Records drawn from a dataset:
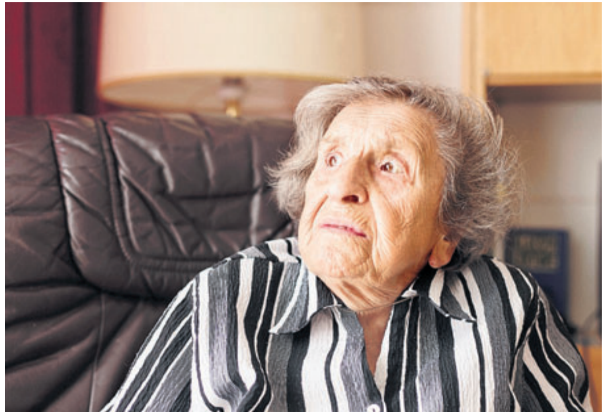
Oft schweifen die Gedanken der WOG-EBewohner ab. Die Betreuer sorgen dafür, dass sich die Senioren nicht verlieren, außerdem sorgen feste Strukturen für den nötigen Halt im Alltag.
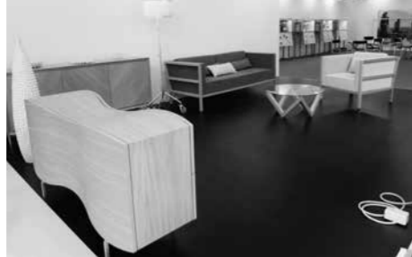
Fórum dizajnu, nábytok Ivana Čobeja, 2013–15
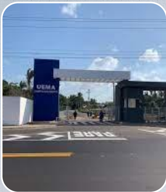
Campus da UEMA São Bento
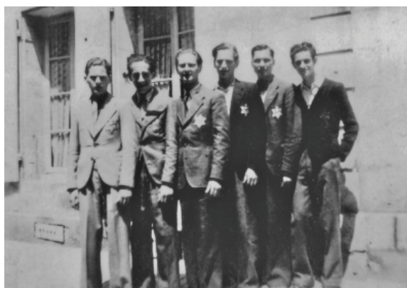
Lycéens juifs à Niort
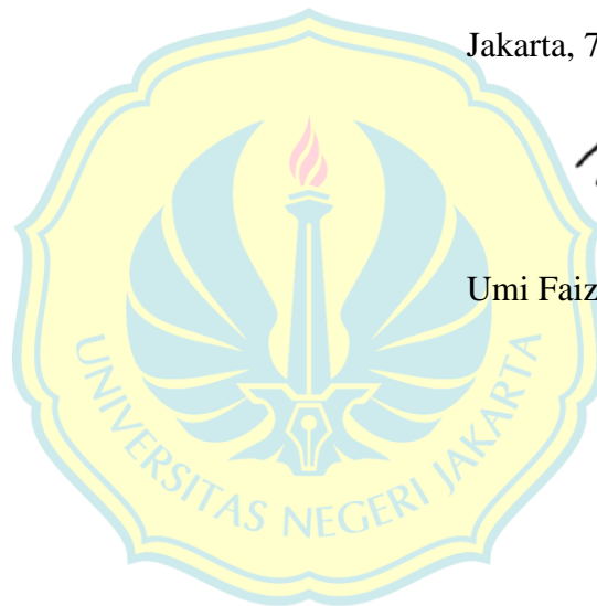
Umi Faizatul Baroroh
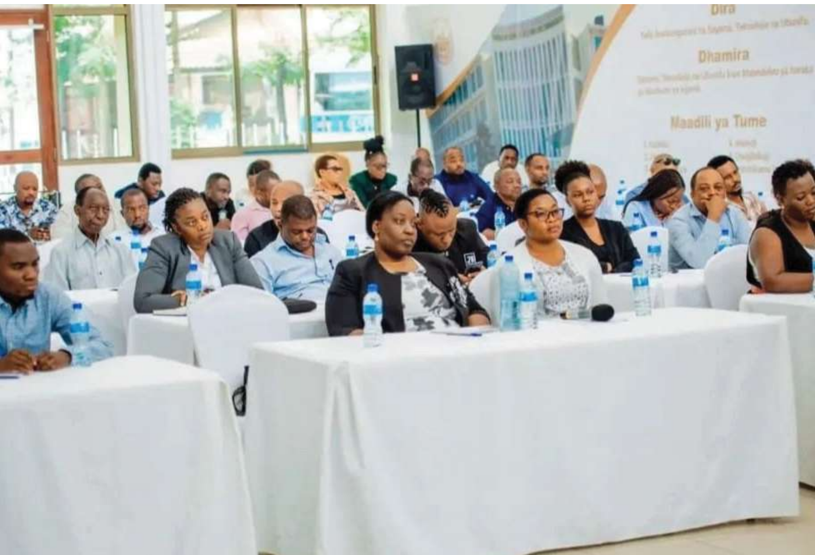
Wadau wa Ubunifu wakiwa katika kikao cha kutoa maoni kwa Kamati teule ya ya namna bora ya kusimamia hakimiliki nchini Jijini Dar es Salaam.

== WHAT IS EXPECTED ==
The answer must be a word-for-word copy of all the entries, containing no pictures.

== REPLY TO THE EXERCISE ==
Oft schweifen die Gedanken der WOG-EBewohner ab. Die Betreuer sorgen dafür, dass sich die Senioren nicht verlieren, außerdem sorgen feste Strukturen für den nötigen Halt im Alltag.
Fórum dizajnu, nábytok Ivana Čobeja, 2013–15
Campus da UEMA São Bento
Lycéens juifs à Niort
Umi Faizatul Baroroh
Wadau wa Ubunifu wakiwa katika kikao cha kutoa maoni kwa Kamati teule ya ya namna bora ya kusimamia hakimiliki nchini Jijini Dar es Salaam.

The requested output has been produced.